What we can learn from the LeTourneau interview


Barbara Walters’ interview with convicted child molester Mary Kay LeTourneau and her once-victim-now-husband Vili Fualaau was gut wrenching. The romanticization of the abuse was awful enough. But giving a woman like LeTourneau a platform to justify what she did is reprehensible.

Being outraged or upset about the interview doesn’t help anyone. But talking about her predatory patterns can help keep children safer. The more we understand how she thinks, the more we can see her behavioral patterns in other people who may abuse or try to abuse children.

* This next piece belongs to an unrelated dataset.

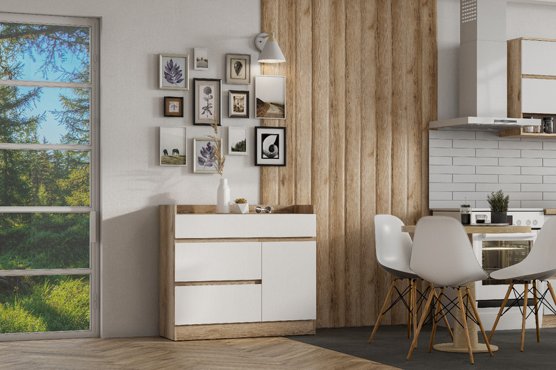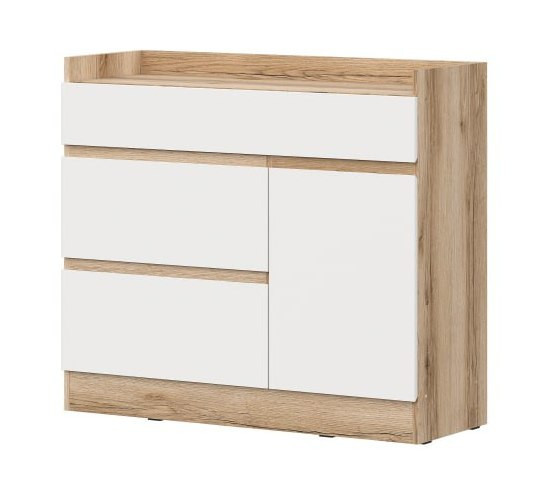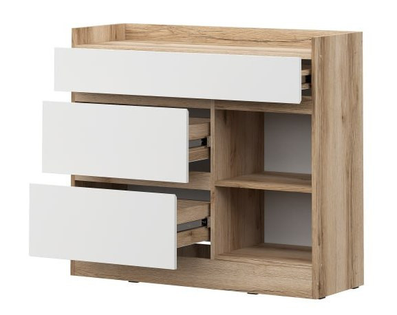 Комод оборудован тремя выкатными ящиками на шариковых направляющих полного движения. Уникальный конструктив комода заключается в том, что помимо древесных линий, встречных скосах между верхним ящиком и средним ящиком, борта боковин и задней стенки комода подняты. Комод подходит как для спальни, гостиной, прихожей, так и для детской.

1) Mary Kay LeTourneau is a narcissist. It’s all about her. LeTourneau wants to get off of the sex offender registry because she feels like she has “served her time” for what she still believes is a “love affair” with a 13-year-old boy. Predators tend to be narcissists, with very limited understanding of boundaries. According to the narcissist, the child “comes on to them” and “the predator is the real victim.” This also traps the victim, who believes that the abuse was his/her fault or that they are “hurting” the predator by reporting or refusing. In my opinion, Fualaau is trapped and blames himself. LeTourneau groomed Fualaau and sexually abused him. Period.

She should and must remain a registered sex offender, just like a man convicted of the same crimes.

2) She got a pass because she is a woman predator. Yes, she was convicted. But Barbara Walters would never have interviewed a predator who married a victim if the predator were male. Walters and ABC have no comprehension of the damage LeTourneau has done. (Speaking of networks perpetuating the “hot for teacher” stereotype, we can look at Saturday Night Live’s skit this weekend where a male victim of child sexual abuse by a woman is portrayed as the luckiest kid around.)

3) She minimized what she did to Vili. LeTourneau called it love. The courts and society call it child sexual abuse. When she was out on parole, the first thing she did was find the boy and sexually abuse him again. Predators often minimize their crimes in order to divert attention, thwart reporting, and manipulate the victim.

From the People Magazine story on the interview:

When asked whether she felt “guilty” or “disgusted” with herself for having an affair with Fualaau, Letourneau replied, “I loved him very much, and I kind of thought, ‘Why can’t it ever just be a kiss?’ “

Hey, Mary Kay: even the kiss was abuse. Why were you ever alone with him late at night in the first place?

4) She isolated Vili from his peers and family. One of the first things that predators do when grooming a child is to isolate the child from his or her peers and family. That way, the victim must rely totally on the abuser for compassion and emotional support. Vili said it himself. From People:

Not having a strong support system when Letourneau became pregnant with his children was the hardest part.

“It was a huge change in my life, for sure. I don’t feel like I had the right support or the right help behind me,” he said. “From my family, from anyone in general. I mean, my friends couldn’t help me because they had no idea what, what it was like to be a parent, I mean, because we were all 14, 15.”

But we all know that the isolation started long before that. Once he was the father of her children, he could never escape her.

5) She does not believe that she damaged him. 

From People:

Fualaau confessed in the 20/20 interview that he struggled with depression during this “dark time” and the years that followed.

“I’m surprised I’m still alive today,” he said. “I went through a really dark time.”

The damage was caused by what LeTourneau did. But she is incapable of understanding that.

So what have we learned? Predators are narcissists. They minimize crimes. They isolate their victims from friends and family (physically and emotionally). And yes, they can be women.

Wringing our hands and being outraged isn’t going to do anything. The interview is finished and the damage is done. But we can take the interview and use it to protect children and educate and empower ourselves. We can also work towards extended civil and criminal statutes of limitations for child sex crimes so that what happened to Vili doesn’t happen to another child.

If you see any of LeTourneau’s behaviors in adults who are spending time with your children, intervene immediately, talk to your children, and report. Don’t know who to call? Start with the National Child Abuse Hotline at 1-800-4ACHILD. Trained crisis operators will take your call and help you determine your next steps.




1 thought on “What we can learn from the LeTourneau interview

  1. Great article, Joelle. it reminded me of the following article about another woman predator. The boy in this case was made to feel like he was the abuser because he was male. We as a society need to educate ourselves about sexual abuse so that we understand that their is no such thing as consensual sex between an adult and a minor,that victims are both female and male, and that abusers can be both male and female.